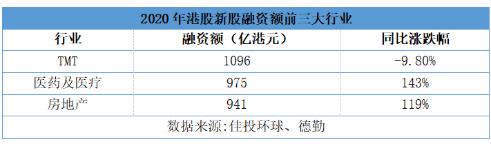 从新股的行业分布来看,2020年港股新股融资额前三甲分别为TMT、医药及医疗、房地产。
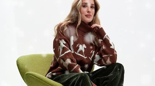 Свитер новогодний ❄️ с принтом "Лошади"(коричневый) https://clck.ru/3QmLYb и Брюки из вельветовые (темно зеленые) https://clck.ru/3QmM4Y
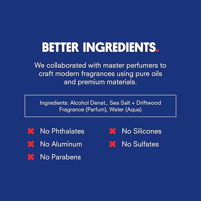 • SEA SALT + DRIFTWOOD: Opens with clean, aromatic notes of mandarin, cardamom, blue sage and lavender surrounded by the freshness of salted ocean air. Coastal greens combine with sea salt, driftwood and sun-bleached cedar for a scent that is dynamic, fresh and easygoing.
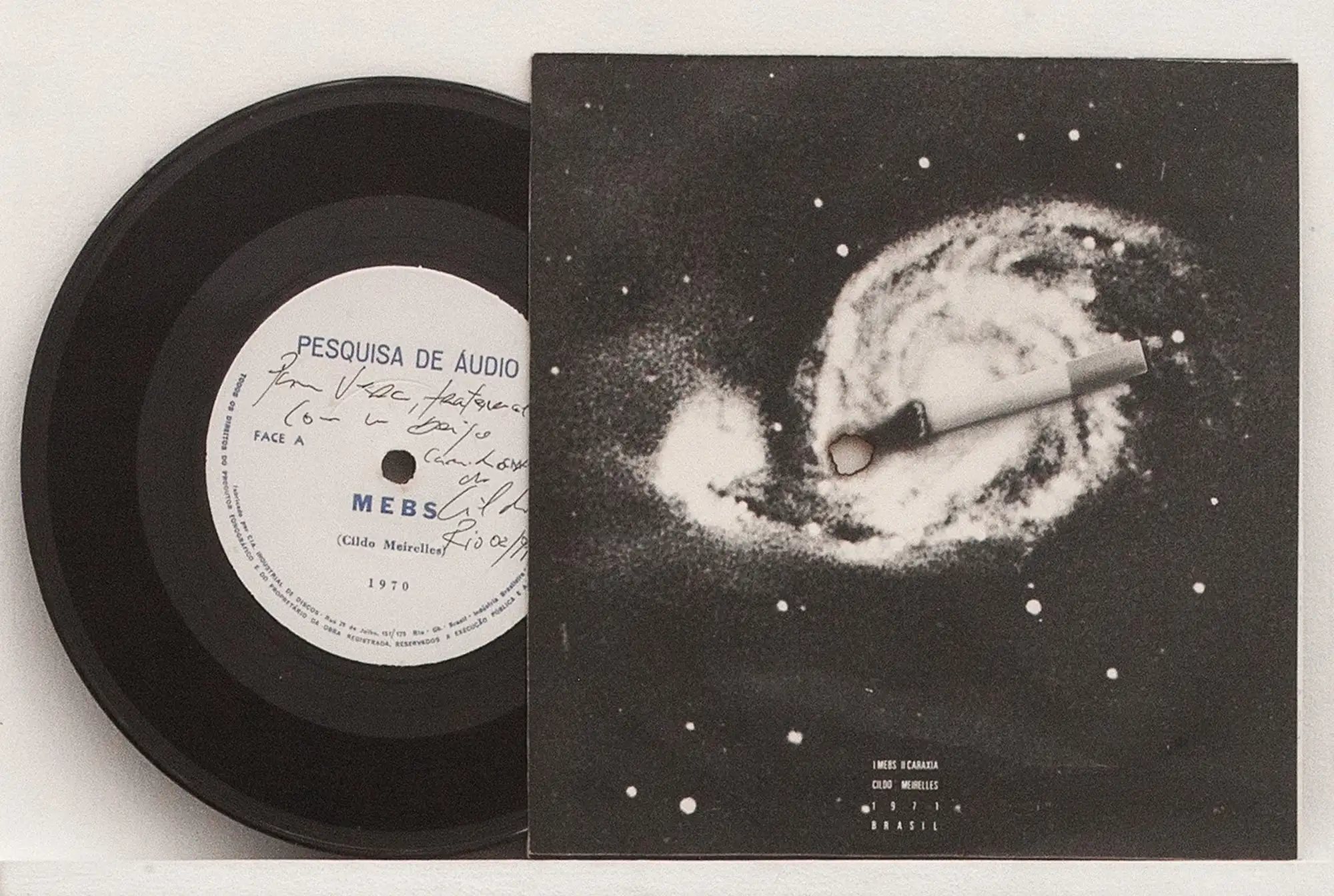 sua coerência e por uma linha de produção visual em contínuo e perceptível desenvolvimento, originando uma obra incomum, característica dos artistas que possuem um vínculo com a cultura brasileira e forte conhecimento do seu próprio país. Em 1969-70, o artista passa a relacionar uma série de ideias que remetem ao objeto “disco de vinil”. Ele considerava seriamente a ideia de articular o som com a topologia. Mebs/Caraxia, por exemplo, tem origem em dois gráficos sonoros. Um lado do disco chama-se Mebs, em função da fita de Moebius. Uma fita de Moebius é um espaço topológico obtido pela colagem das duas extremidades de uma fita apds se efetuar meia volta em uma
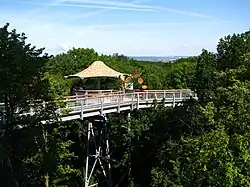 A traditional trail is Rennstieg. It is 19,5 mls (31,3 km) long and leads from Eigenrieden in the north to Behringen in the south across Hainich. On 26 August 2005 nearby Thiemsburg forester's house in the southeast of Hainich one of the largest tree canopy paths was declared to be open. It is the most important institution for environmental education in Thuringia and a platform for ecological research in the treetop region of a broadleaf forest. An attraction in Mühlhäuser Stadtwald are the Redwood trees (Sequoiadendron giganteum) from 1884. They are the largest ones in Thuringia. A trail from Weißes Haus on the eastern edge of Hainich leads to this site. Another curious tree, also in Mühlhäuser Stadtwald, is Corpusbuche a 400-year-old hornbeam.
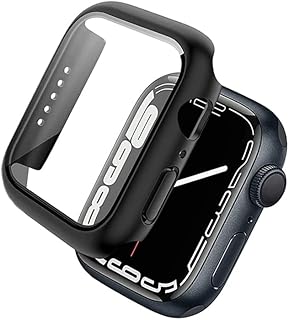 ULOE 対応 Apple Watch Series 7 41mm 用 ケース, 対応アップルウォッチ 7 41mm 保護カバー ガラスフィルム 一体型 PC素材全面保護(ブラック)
§
#### [What this task involves]
Each line from the one containing "A traditional trail" through the final line of the data must be reproduced exactly, both ends included, with no pictures in the copy.

#### [Answer area]
 A traditional trail is Rennstieg. It is 19,5 mls (31,3 km) long and leads from Eigenrieden in the north to Behringen in the south across Hainich. On 26 August 2005 nearby Thiemsburg forester's house in the southeast of Hainich one of the largest tree canopy paths was declared to be open. It is the most important institution for environmental education in Thuringia and a platform for ecological research in the treetop region of a broadleaf forest. An attraction in Mühlhäuser Stadtwald are the Redwood trees (Sequoiadendron giganteum) from 1884. They are the largest ones in Thuringia. A trail from Weißes Haus on the eastern edge of Hainich leads to this site. Another curious tree, also in Mühlhäuser Stadtwald, is Corpusbuche a 400-year-old hornbeam.
 ULOE 対応 Apple Watch Series 7 41mm 用 ケース, 対応アップルウォッチ 7 41mm 保護カバー ガラスフィルム 一体型 PC素材全面保護(ブラック)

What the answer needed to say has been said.